Powering Maryland’s future with clean energy makes more sense than buildng a new reactor at Calvert Cliffs. Accordingly:

  • The state should prioritize successful implementation of the EmPOWER Maryland energy efficiency program and the state’s renewable electricity standard. Furthermore, the state should expand the goals of EmPOWER Maryland beyond 2015, expand demand-management programs to capture more of the state’s available load-shifting potential, and encourage the development of combined heat and power facilities.
  • The Maryland Public Service Commission should deny a certificate of public convenience and necessity for the proposed reactor at Calvert Cliffs, on the grounds that clean energy measures already underway would provide a more stable and reliable electric system and superior economic benefits for the state.
  • The state should not offer any subsidies to support building a new nuclear reactor, whether in the form of tax breaks or other approaches that transfer the risk of building a new nuclear reactor onto Maryland citizens.

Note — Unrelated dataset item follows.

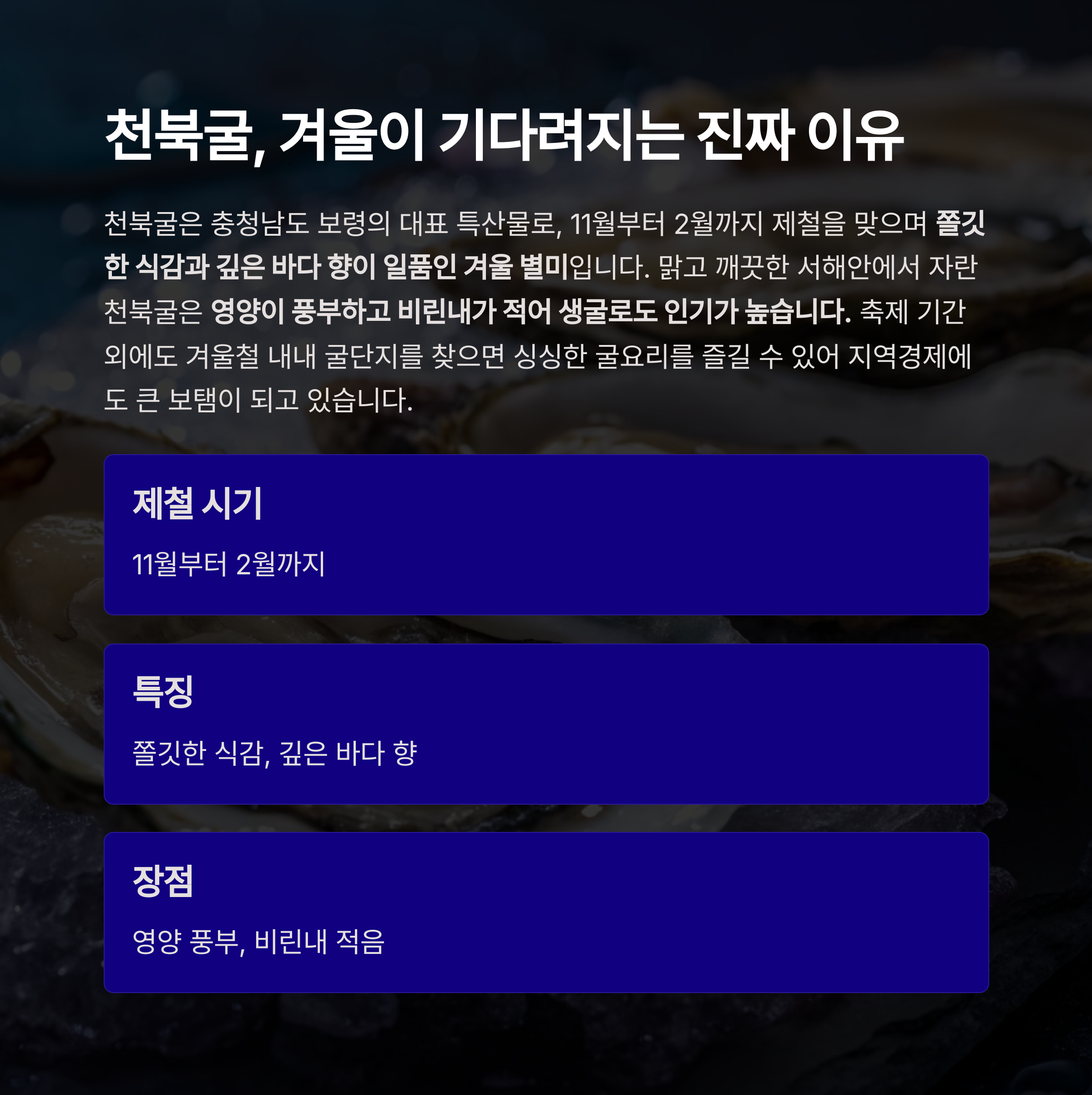 천북굴, 겨울이 기다려지는 진짜 이유

  • To ensure the safety and security of Maryland’s energy supply, state leaders should enact a conditional ban on the construction of any new nuclear power plants until a satisfactory national solution for storage of high-level radioactive waste is developed.
  • The federal government should redirect subsidies currently on offer to the nuclear industry toward more effective clean energy solutions. An equivalent investment in these technologies can prevent the emission much larger amounts of global warming and health-threatening pollution.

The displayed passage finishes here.